Рукой Юры на листе было написано: «Никого не винить, я сам».
Гольцов нахмурился:
— И все?
— Все.
— А причины?
— Дурь в голове завелась, вот и все причины! — гаркнул в сердцах Полонский. — Сплошные обиды на жизнь — что у него, что у его папаши. Все им жизнь не угодила, и кругом все мерзавцы и негодяи. Знаю я эту касту обиженных новой властью. Упиваются своим несчастьем.
Георгий кашлянул.
— Все-таки перед семьей неудобно, Владимир Сергеевич. Могли бы им помочь, поддержать… Должны были…
Полонский уставился на Гольцова неподвижным, не предвещающим ничего хорошего взглядом.
— Чем ты лично собирался помочь семье в такой ситуации?
— Чем обычно, — пожал плечами Георгий. — Похороны, венки… Проводить в последний путь.
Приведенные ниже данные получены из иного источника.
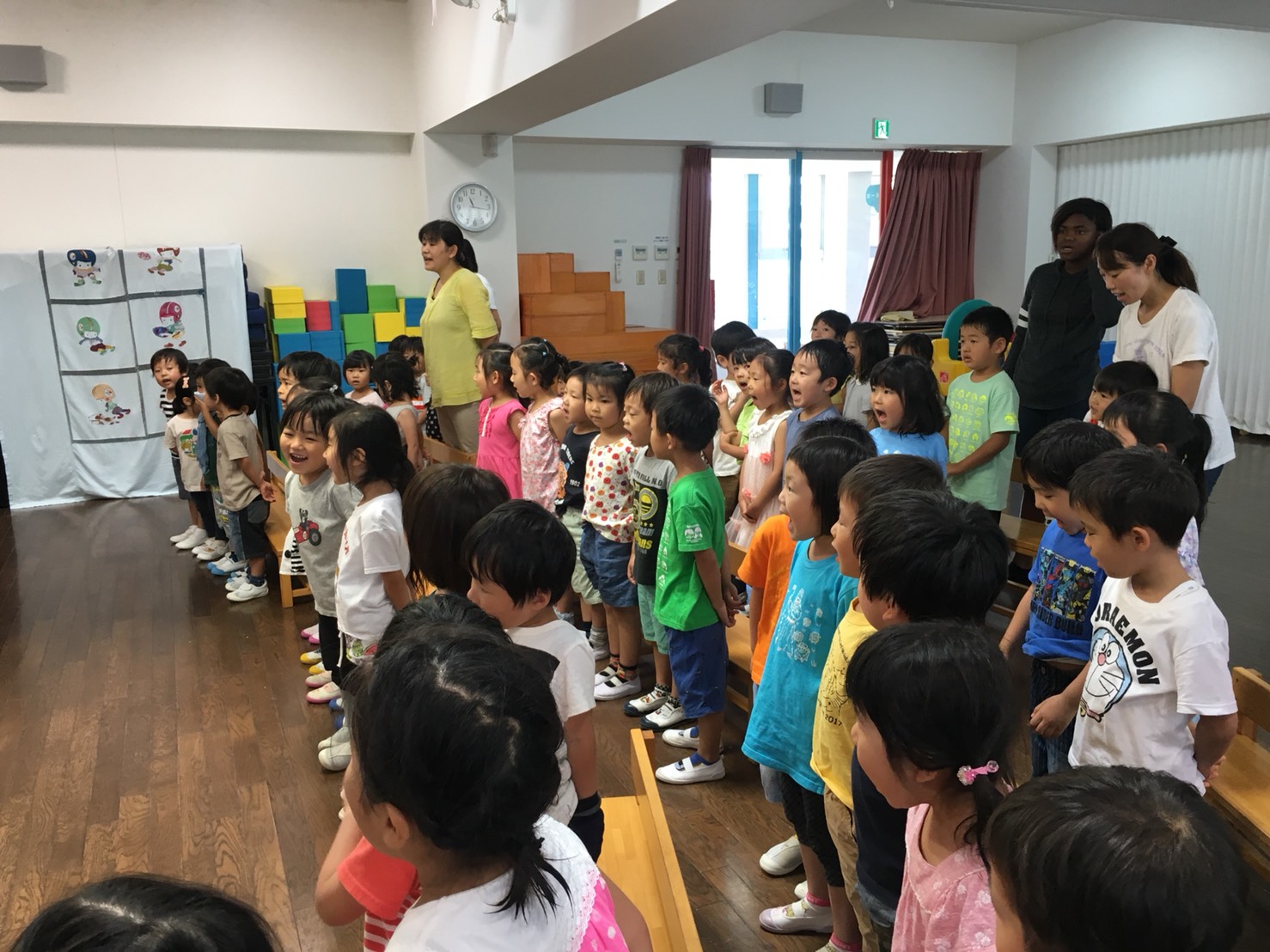 おやつはゼリーを食べて、大型絵本を読みました。これから長い夏休みですが、体調に気をつけて、また幼稚園で会えるのを楽しみにしていますね。

А то ведь никто из наших даже не пришел на похороны.
— Это кто тебе сказал, что никто из наших не был на похоронах?
— Мать его сказала.
Полонский усмехнулся: ну и люди!
— Я самолично был на Троекуровском, — объявил он. — И венок от имени Интерпола принес, и некролог в ведомственную малотиражку послал. Соболезнование выразил.
У Гольцова брови поползли вверх.
— Тогда почему?..
— Потому что есть такое гнилое чувство, Гольцов, — обида называется. Обидишься на весь свет и сидишь, гордый, и все перед тобой чем-то виноваты. Короче, не стоило тебе на похороны соваться, только нервы себе трепать. Хватит и того, чего я наслушался. Давай на этом поставим точку. И не говори никому. Понял ты меня?
— Так точно, Владимир Сергеевич.
— Да и не работал уже у нас Малышев к тому времени.
— Да, я знаю…
Полонский посмотрел на Гольцова:
— Расстроился?
Георгий неопределенно повел плечом. Ему вспомнился тот день в середине февраля, когда Малышев неожиданно, когда и так не хватало рабочих рук и ног, положил перед ним на стол заявление об уходе. Георгий пробежал его глазами и удивленно уставился на Малышева:
— Юра, совесть-то имей! Может, потерпишь? Сам видишь, какая у нас запарка…
Малышев коротко ответил:
— Нет.
Выглядел он как обычно: такой же спокойный, замкнутый. Только в глаза старался не смотреть.
— Что случилось? — спросил Георгий.
— Ничего.
— Что-то произошло?
— Нет.
— Дома?
Юра отрицательно мотнул головой.
— Тогда в чем дело? К чему такая спешка? Да говори ты, не телись!
Юра поднял глаза, во взгляде светилась обида и… ненависть.
— Вы подпишете заявление, товарищ майор?
Гольцов, стараясь казаться равнодушным, сухо ответил:
— Это не ко мне. Это в приемную к Полонскому.
— Слушаюсь!
Юра забрал заявление и вышел. Ни объяснений, ни оправданий… Гордый.
За то годы, что Гольцов проработал в Интерполе, личный состав сотрудников здорово поменялся, и редко кто уходил без объяснения причин, разве когда гнать надо было такого работничка в шею. При увольнении все чувствовали себя немного виноватыми перед коллегами и напоследок старались расшаркаться. Бросаю, мол, работу, но не родной коллектив. Малышев отличился. Взял и ушел, не сказав никому ни слова. А мог бы и объясниться: так, мол, и так, хорошая работа подвернулась, жаль упускать шанс, войди в мое положение… Ведь знал, что у Гольцова к нему отношение скорее дружеское, чем деловое. И тем не менее…
В бюро на его увольнение никто не обратил особого внимания. Исчез человек и исчез, нашел какое-то другое место. Всем известно: рыба ищет, где глубже, а человек — где лучше — и за это не осуждают. А Георгий тогда обиделся на Малышева, хоть виду и не подал. Да, было обидно, потому что Малышев бросил не просто работу, а именно — людей.